I thought that 500 GB of storage space was huge for a laptop. It seems that Asus has pushed the laptop storage even further - to one terabyte:

“…The machine, due for release at next week’s Consumer Electronics Show, is targeted at the fast-expanding multimedia sector of the laptop market and packs dual 500G-byte drives from Hitachi, expected to be announced later Thursday. The drives can be organized in a RAID 0 configuration, where data is distributed between the two drives to provide a performance boost on a single drive, or as RAID 1, where data is mirrored on each drive to provide redundancy in case of drive failure…”
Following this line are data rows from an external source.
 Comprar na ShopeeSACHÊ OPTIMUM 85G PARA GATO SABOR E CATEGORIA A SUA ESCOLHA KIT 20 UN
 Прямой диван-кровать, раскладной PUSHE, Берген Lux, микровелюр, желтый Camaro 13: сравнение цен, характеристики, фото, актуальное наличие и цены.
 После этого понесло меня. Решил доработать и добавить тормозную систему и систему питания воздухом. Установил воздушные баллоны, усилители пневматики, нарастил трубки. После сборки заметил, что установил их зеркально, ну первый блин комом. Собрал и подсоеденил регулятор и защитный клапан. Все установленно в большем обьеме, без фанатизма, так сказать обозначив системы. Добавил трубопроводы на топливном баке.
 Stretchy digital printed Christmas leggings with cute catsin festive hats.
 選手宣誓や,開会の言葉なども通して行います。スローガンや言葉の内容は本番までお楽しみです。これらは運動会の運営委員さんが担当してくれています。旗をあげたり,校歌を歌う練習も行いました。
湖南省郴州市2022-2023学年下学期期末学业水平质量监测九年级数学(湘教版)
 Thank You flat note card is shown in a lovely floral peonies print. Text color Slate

link: Asus Unveils Terabyte Laptop

It is mind-boggling what data bases such a system could hold. And, without a doubt, there will be a security breach with one of these huge laptop storage systems. You know it is going to happen… repeatedly.

Catherine Forsythe
Director of Operations
FlyingHamster

2 Comments

Not necessarily an innovation for which the time has come, is my thinking. I’m sure there are individual cases where a machine like this would be useful, but they would likely be more in the lines of a portable desktop system that can be secured physically, etc.
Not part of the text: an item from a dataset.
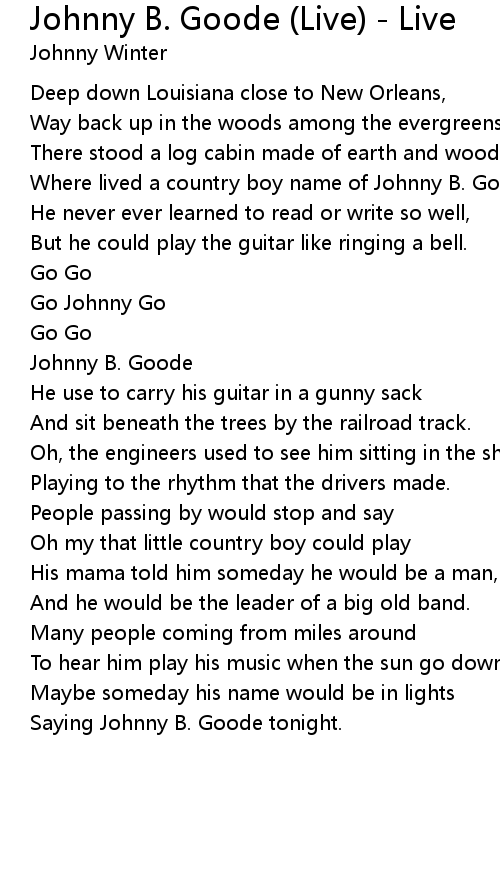 Where lived a country boy name of Johnny B. Goode... |
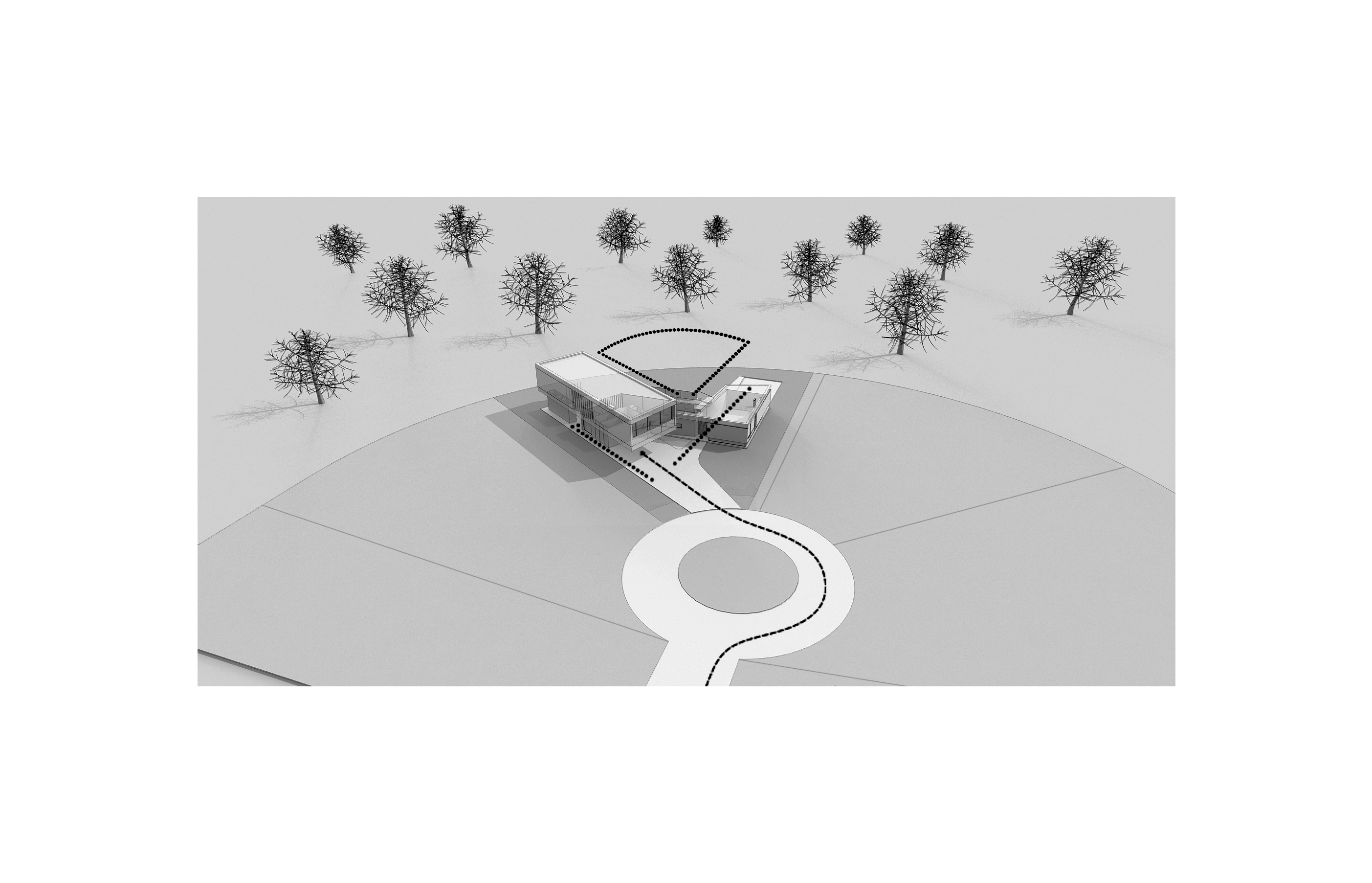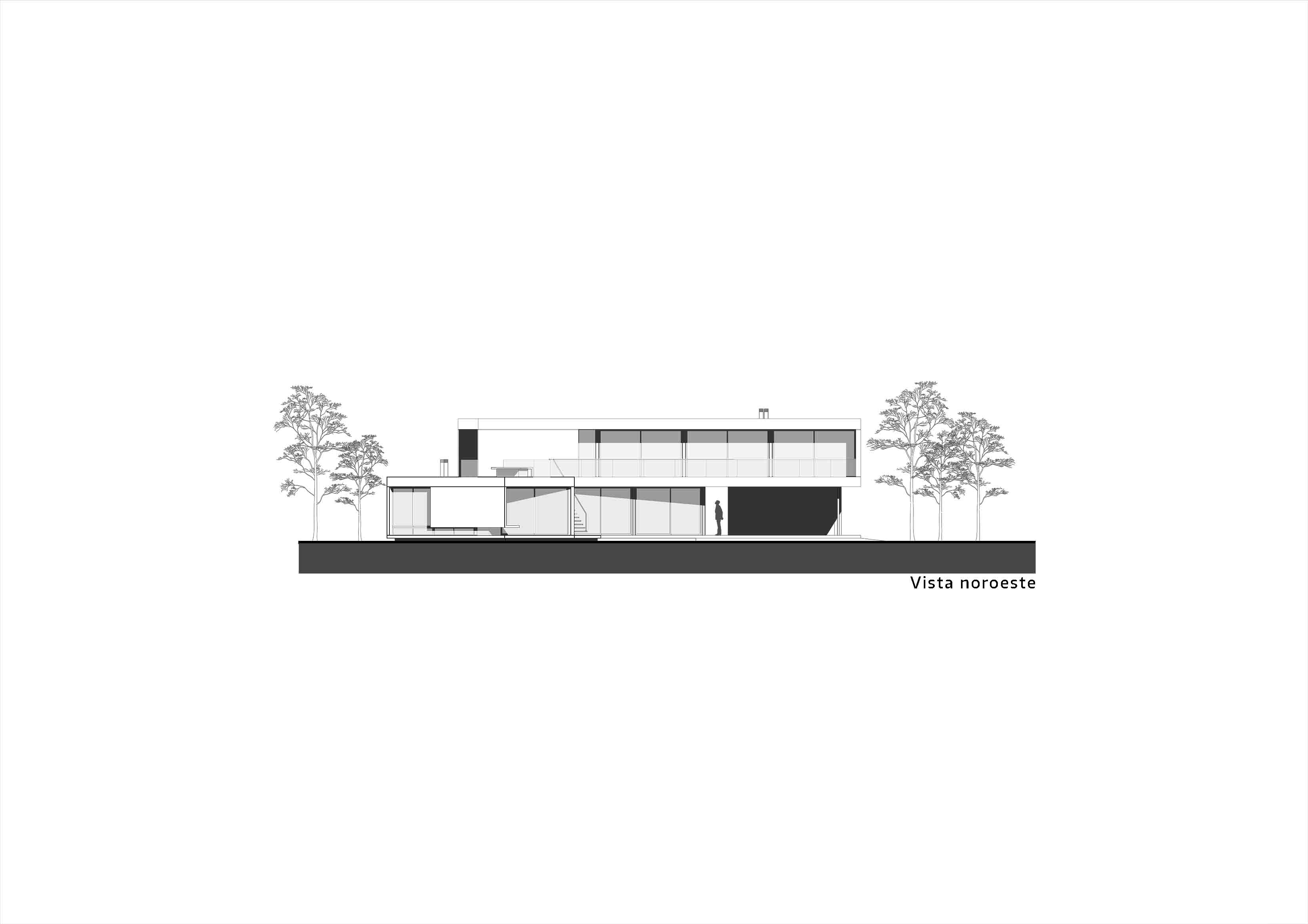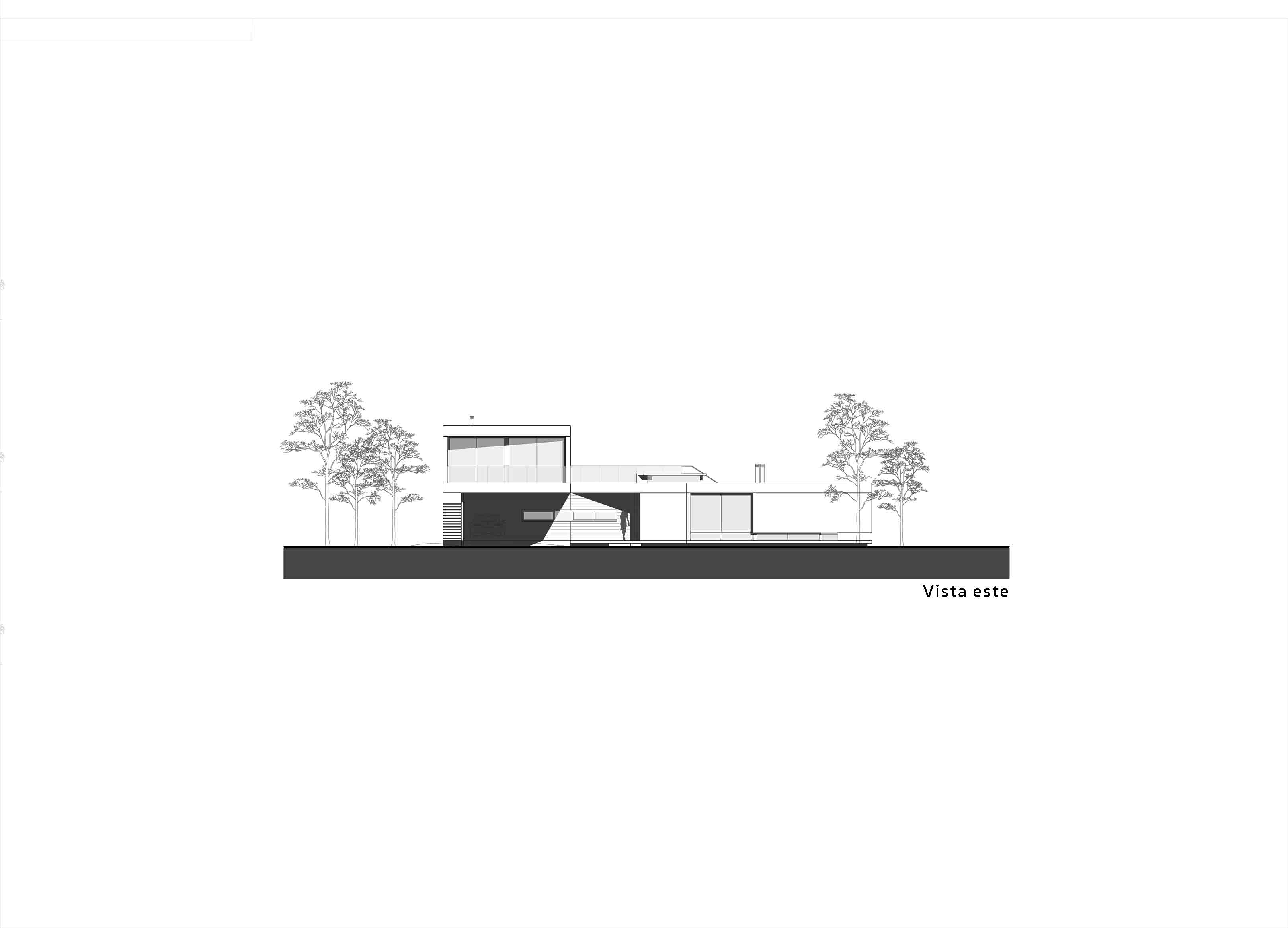 Coherente con la idea de generar paisaje, unirse al verde preexistente y crear así una relación antagónica entre frente-calle y contra frente-naturaleza. Aparece el encuentro entre la pesadez de las materialidades fuertes como el hormigón y la liviandad del diseño. Por ello, numerosos muros no llegan a encontrarse con el suelo y el cuerpo de planta alta aparece suspendido con un importante voladizo.

Given the failure rate of hard drives which, at the end of the day, are simply highly-stressed mechanical devices, I can’t imagine many operations where I’d want that much data in one drive. You could lose the whole galaxy in a serious crash, or in a theft. I’d want a Raid 1 array, at least. Even at that, you’d have to back up constantly if you’re crunching data that actually requires that kind of physical memory.

Not very many people are going to be willing to deal with a laptop moving all that energy (read: heat and battery time) unless it’s really important, which makes security paramount. And moving the data would require a bunch of processor, too — more heat. Perhaps not this month.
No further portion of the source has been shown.